Coverage Status Codacy Badge Release_Date Build Status Downloads Documentation Status Screenshot of pyiron running inside jupyterlab.

pyiron - an integrated development environment (IDE) for computational materials science. It combines several tools in a common platform:

  • Atomic structure objects – compatible to the Atomic Simulation Environment (ASE).
  • Atomistic simulation codes – like LAMMPS and VASP.
  • Feedback Loops – to construct dynamic simulation life cycles.
  • Hierarchical data management – interfacing with storage resources like SQL and HDF5.
  • Integrated visualization – based on NGLview.
  • Interactive simulation protocols - based on Jupyter notebooks.
  • Object oriented job management – for scaling complex simulation protocols from single jobs to high-throughput simulations.

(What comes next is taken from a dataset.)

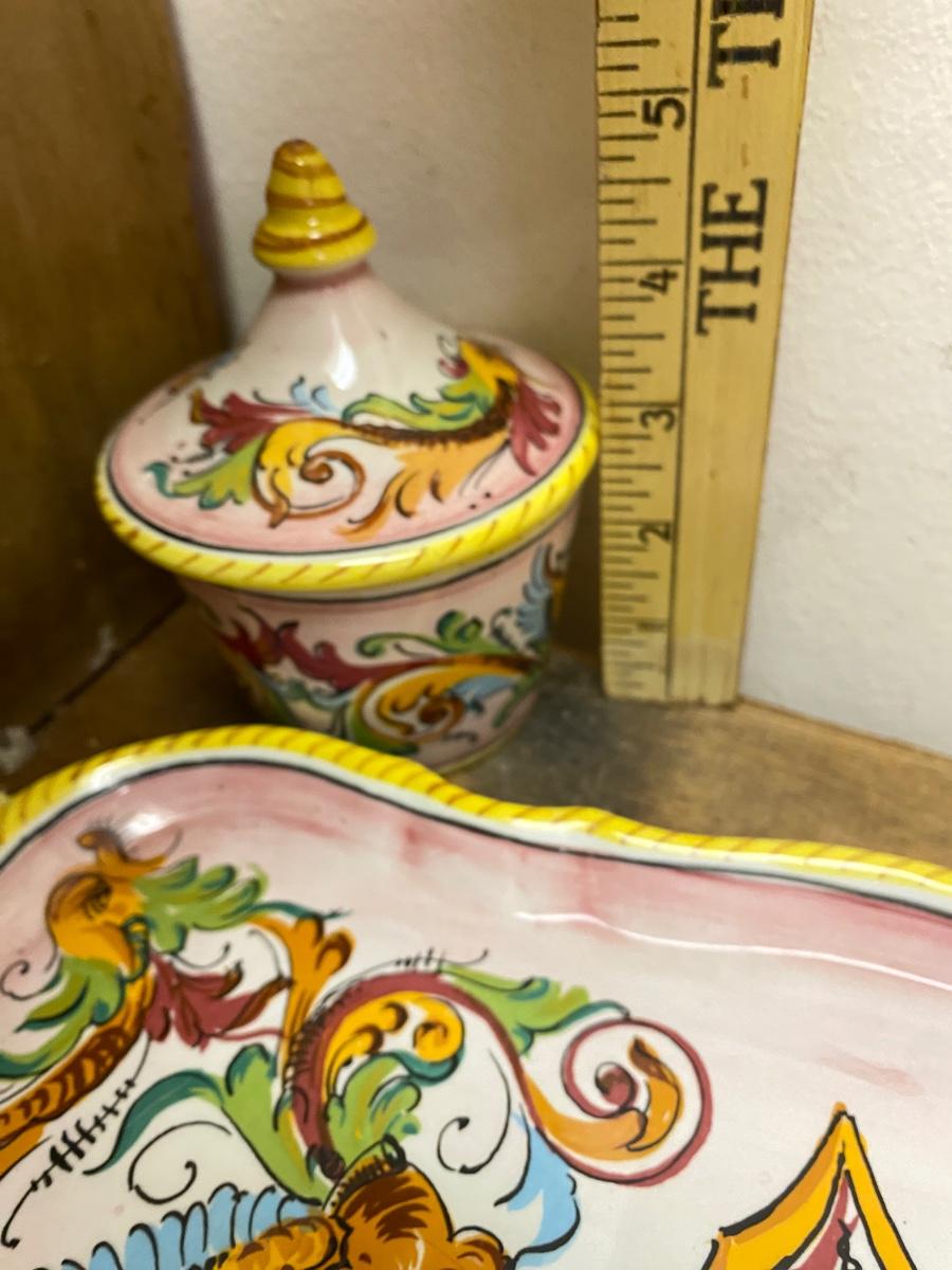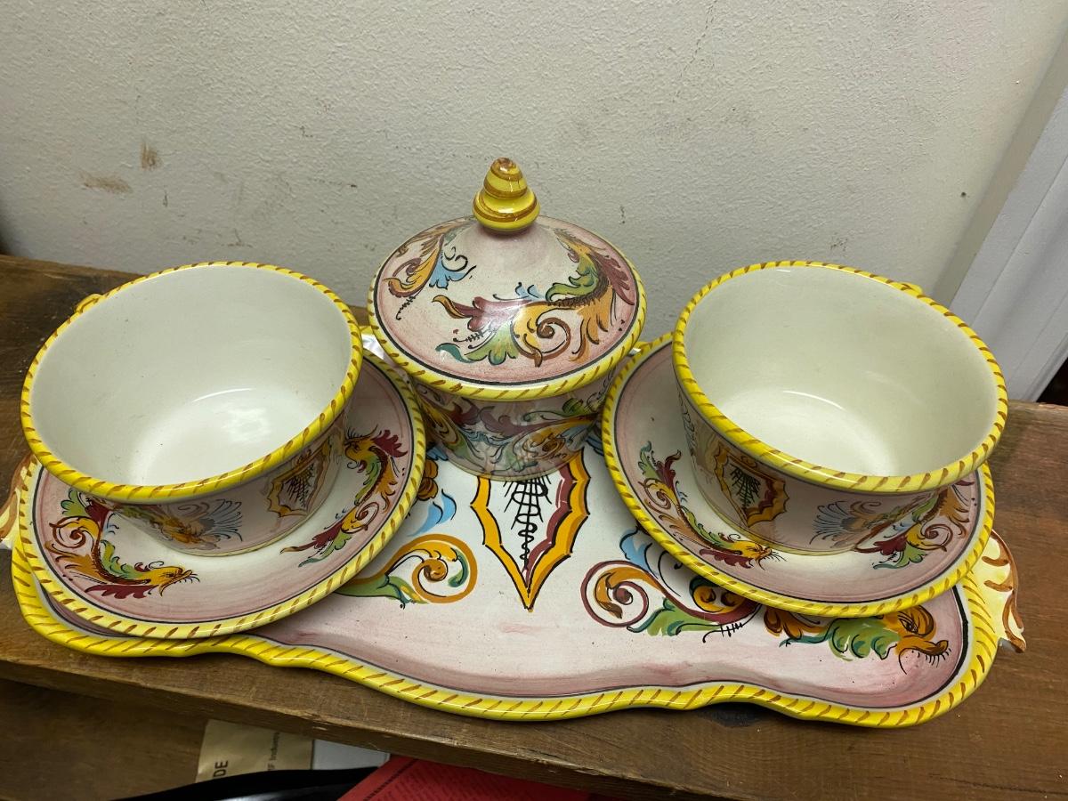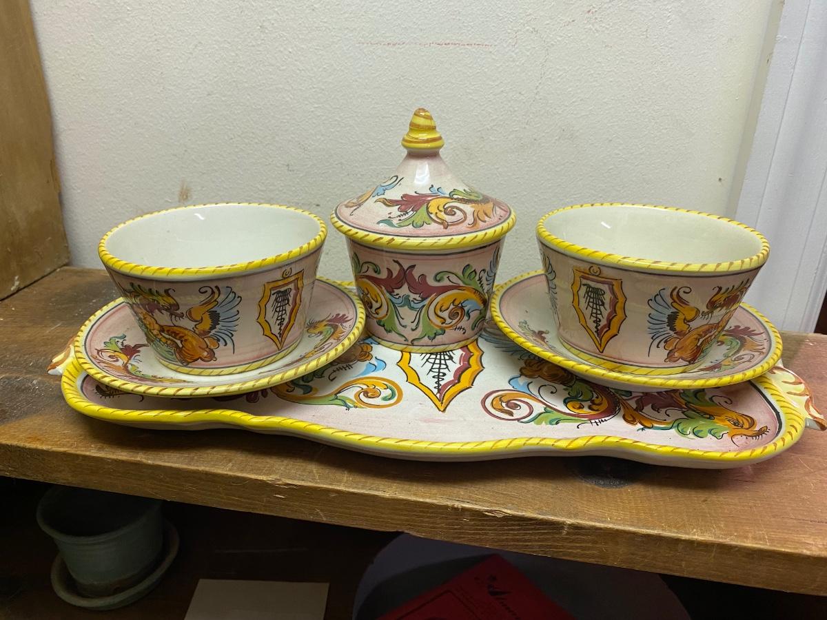 Sweet ceramic tea set, 2 4" diameter cups with saucers on 14" tray with sugar bowl.

pyiron (called pyron) is developed in the Computational Materials Design department of Joerg Neugebauer at the Max Planck Institut für Eisenforschung (Max Planck Institute for iron research). While its original focus was to provide a framework to develop and run complex simulation protocols as needed for ab initio thermodynamics it quickly evolved into a versatile tool to manage a wide variety of simulation tasks. In 2016 the Interdisciplinary Centre for Advanced Materials Simulation (ICAMS) joined the development of the framework with a specific focus on high throughput applications. In 2018 pyiron was released as open-source project. See the Documentation page for more details.

Installation

You can test pyiron on Mybinder.org (beta). For a local installation we recommend to install pyiron inside an anaconda environment:

conda install -c conda-forge pyiron

After the installation of pyiron you need to configure pyiron. The default configuration can be generated automatically. Start a new Python session and import pyiron:

> import pyiron
> pyiron.install()
>>> It appears that pyiron is not yet configured, do you want to create a default start configuration (recommended: yes). [yes/no]:
> yes
> exit()

See the Documentation-Installation page for more details.

Example

After the successful configuration you can start your first pyiron calculation. Navigate to the the projects directory and start a jupyter notebook or jupyter lab session correspondingly:

cd ~/pyiron/projects
jupyter notebook

Open a new jupyter notebook and inside the notebook you can now validate your pyiron calculation by creating a test project, setting up an initial structure of bcc Fe and visualize it using NGLview:

from pyiron import Project
pr = Project('test')
structure = pr.create_structure('Fe', 'bcc', 2.78)
structure.plot3d()

Finally a first lammps calculation can be executed by:

job = pr.create_job(job_type=pr.job_type.Lammps, job_name='lammpstestjob')
job.structure = structure
job.potential = job.list_potentials()[0]
job.run()

Getting started:

Test pyiron with mybinder:

mybinder

License and Acknowledgments

pyiron is licensed under the BSD license.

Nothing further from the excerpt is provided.